Friday, May 11, 2018

Haruki Murakami - Hard-boiled Wonderland and the End of the World

If I had a favourite writer, Murakami would have a pretty fair claim to being it - on my three remaining shelves of fiction/plays/poetry, he and Donna Tartt are the only ones whose complete works I've kept, and that's 15 books to three (well technically Rivka Galchen too but that's a grand total of two!) - and I've gotten in the habit of thinking of Hard-boiled Wonderland as my favourite of his, which has maybe, along with its intrinsic vividness, been part of what's kept it so clear in my mind in the thirteen (!) years since I previously read it.

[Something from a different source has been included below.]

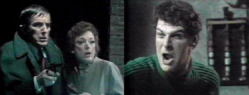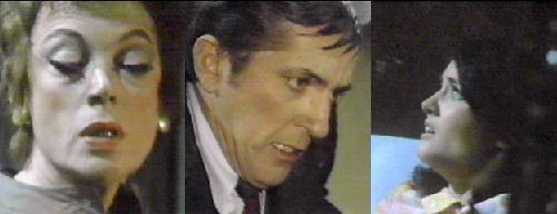 Barnabas returns to the Old House, calling Julia. He finds her on the floor, unconscious and revives her. Adam's in the basement, doing something, she doesn't know what. Barnabas tells her Adam has Vicki down there, he kidnapped her--we must get to her before Adam kills her! They both hurry to the basement door, wondering what Adam is doing down there. In the basement, Vicki lies strapped to the other table. She stirs and moans as Adam turns on the power, sending electric shocks bolting through Vicki, who writhes and wails. Barnabas and Julia hear the sounds. Barnabas calls to Adam. (Here is the nose pick blooper, but the less said about that, the better.) "It's no use," says Julia. Adam turns up the juice, a sick smile on his face, sending Vicki into even more intense pain. She begs Adam to leave her alone, please, please! Adam hears Julia begging him to leave HER alone, and he covers his ears. He fiddles with the dials, now hearing Carolyn begging him to leave Vicki alone. Adam smacks his head as though trying to force those voices out. Vicki screeches as the electricity and pain escalate. Adam looks at the skeleton. "That was Eve!" he cries. "You were to be mine, look at you now! This is what they did to you--Barnabas will suffer for this!" Barnabas, holding a gun, and Julia enter the lab. "Adam!" cries Barnabas. "Turn off that machinery or I will kill you!" Adam, clearly insane, laughs. Barnabas reiterates that he won't hesitate to kill him. Adam chortles, "Do you know what will happen if I die?" Barnabas knows, but he is willing to take that chance. "You'll revert back to what you were!" rants Adam, and this causes Barnabas and Julia to exchange significant glances. Adam repeats what he said--that's what was on Lang's tape. Barnabas accuses him of lying, but Julia says he might be telling the truth--Adam has heard the tape.
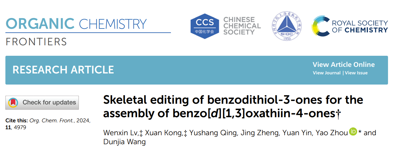 该研究成果于2024年7月发表于中科院SCI大类一区期刊Organic Chemistry Frontiers(IF:4.6),被编辑部选为封面文章。2021级硕士研究生吕文鑫和2023级硕士研究生孔暄为论文共同第一作者,周耀副教授为论文通讯作者,湖北师范大学为论文唯一通讯单位。

I'm no less interested in phenomenology and subjective experience of the world now than I was back in 2005, and the way that concern is structured into the novel so that it actually forms part of its narrative engine is still impressive. And likewise the pace at which it moves forward, in the interleaved past tense and terser 'hard-boiled wonderland' and present tense and more lyrical 'end of the world' segments, both individually and, as the story progresses, in how they cross over into each other - not to mention the many repeated and mirrored details that echo across the divide between the two stories / worlds / versions of minds and the way they're diegetically explained:
"Meaning, I'll keep producing more and more new memories?"
" 'Fraid so. Or more simply, deja vus of sorts. Don't differ all that much in principle. That'll go on for a while. Till finally you reassemble a world out of these new memories."
"Reassemble a world?"
"You heard correct. This very moment you're preparin' t'move to another world. So the world you see right now is changin' bit by bit t'match up. Changin' one percept at a time. The world here and now does exist. But on the phenomenological level, this world is only one out of countless possibilities. We're talkin' about whether you put your right foot or your left foot out - changes on that order. It's not so strange that when your memories change, the world changes."
"Pretty academic if you ask me," I said. "Too conceptual. You're disregarding the time factor. You're reversing the order of things."
"No, the time paradox here's in your mind," said the Professor. "As you create memories, you're creatin' a parallel world."
"So I'm pulling away from the world as I originally knew it?"
"I'm just sayin' it's not out of the realm of possibility. Mind you, I'm not talkin' about any out-of-this-world science-fiction type parallel universe. It's all a matter of cognition. The world as perceived. And that's what's changin' in your brain, is what I think."
"Then after these changes, Junction A switches over, a completely different world appears, and I go on living there. There's no avoiding that turnover - I just sit and wait for it to happen?
" 'Fraid so."
"And for how long does that world go on?"
"Forever," said the Professor. 
Most importantly, though, the high concept cleverness and structural intricacy are all driving towards genuine emotional stakes, as the 'external' half of the narrative increasingly folds in on itself and it's made explicit that his memory is starting to run backwards as it all moves towards the end, and the nature of the 'inner' world becomes apparent, as well as how its protagonist and his shadow came to its strange Town and the meaning of the choice that he will need to make about departing or staying becomes clear. Also, how just-right the symbolism associated with the end of the world - mind - all is, from the unicorn Beasts to the Wall and the Woods and the passing of the seasons, and the way it's music that proves the crucial, final bridge. Marvellous.

"No, I really like his voice," she said. "It's like a kid standing at the window watching the rain."